Contrary to popular belief, it’s not hard to get your daily calcium intake from plants. Surprisingly for some, you’ll find it kale, pak choi, okra, spring greens, dried figs, chia seeds and almonds. Calcium-set tofu, calcium-fortified milk and yogurt alternatives and bread fortified with extra calcium are good sources too.
If you live in the UK, unfortunately there’s no escape from taking vitamin D supplements or fortified foods. I recently discovered I was severely deficient in vitamin D – before transitioning!! – and had NO idea, just a lot of bone pain and muscle pain.
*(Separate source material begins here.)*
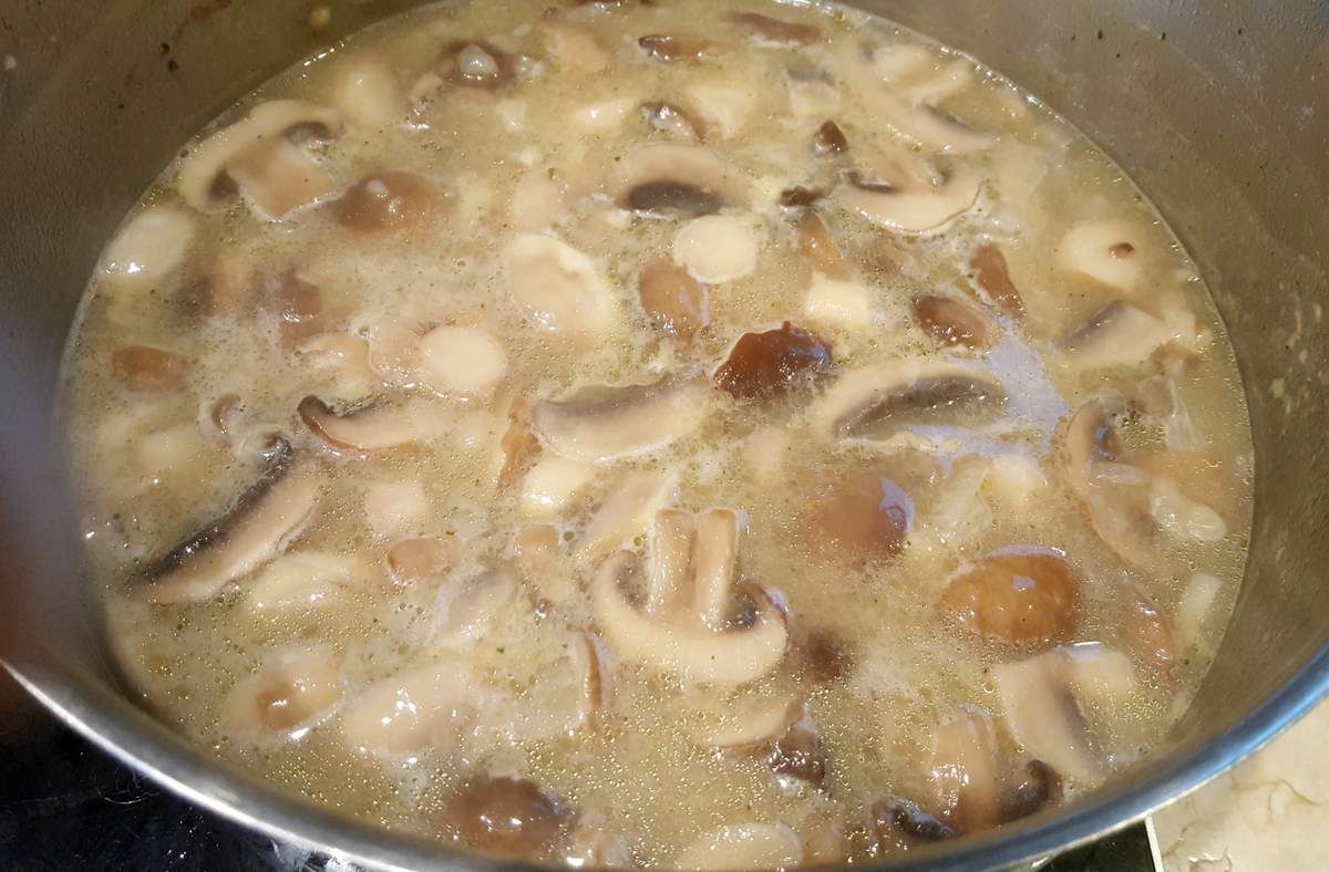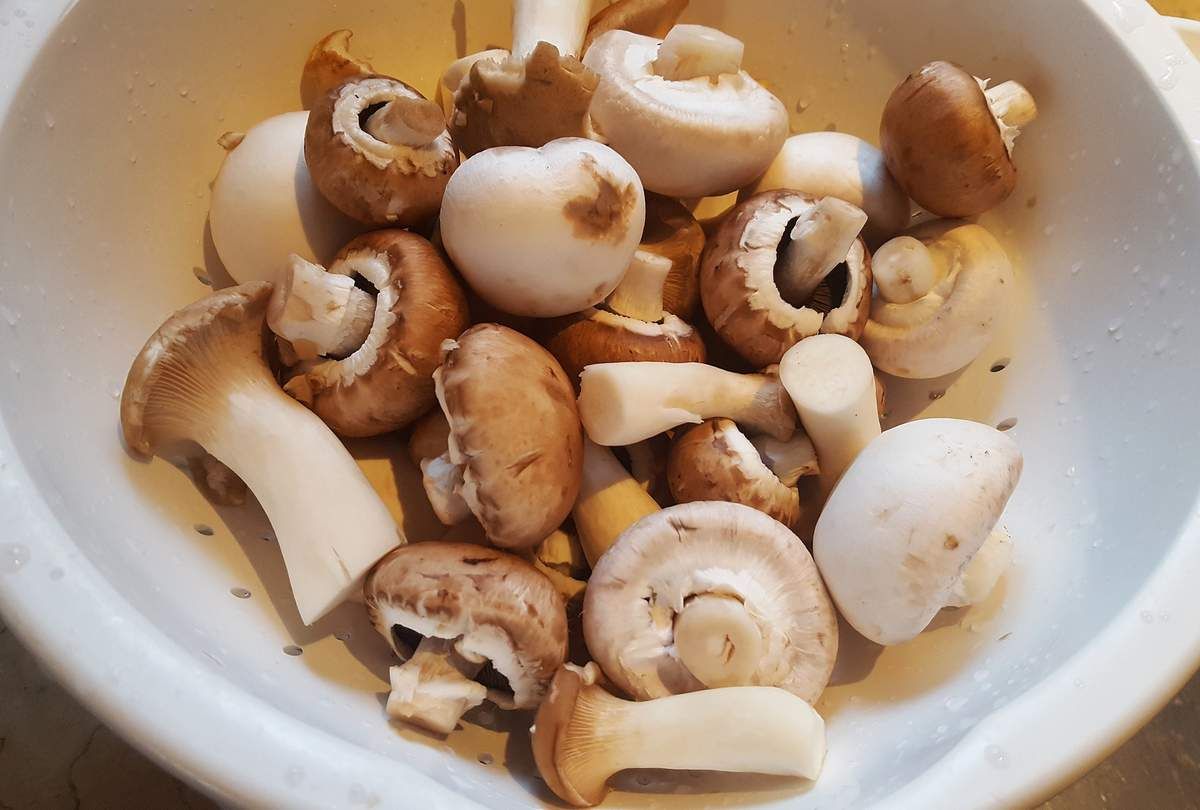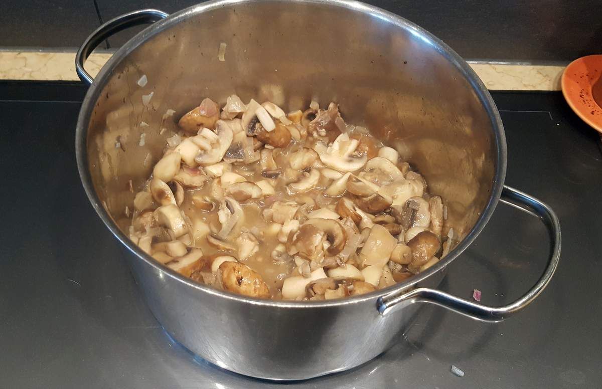 1) Couper la base des pieds des champignons, les laver sous l'eau froide et les éponger avec du papier absorbant. Les couper grossièrement (les champignons de Paris en 2 ou 3 par exemple). Conserver deux ou trois champignons entiers pour pouvoir les couper en lamelles comme déco au service. Réserver.

What a nightmare…! I now take a drop of this every day.
Omega-3 and Omega-6
One great piece of nutritional advice I got recently from Rhiannon Lambert BSc MSc ANut (@rhitrition) was to increase my Omega-3 DHA intake (which you’d normally find in fish oils) through an algae supplement.
Read more about these nutrients here.
A list of sources of information that are reliable and scientific.
How Not To Die: Discover the Foods Scientifically Proven to Prevent and Reverse Heart Disease.
The China Study: The Most Comprehensive Study of Nutrition Ever Conducted and the Startling Implications for Diet, Weight Loss and Long-Term Health
Happy veganing everyone!
P.S. Don’t beat yourself up if you go off the vegan trail one day. Remember that even reducing the amount of meat, dairy, eggs, fish you are consuming, you’re already making a huge difference to your health, the environment and animal welfare.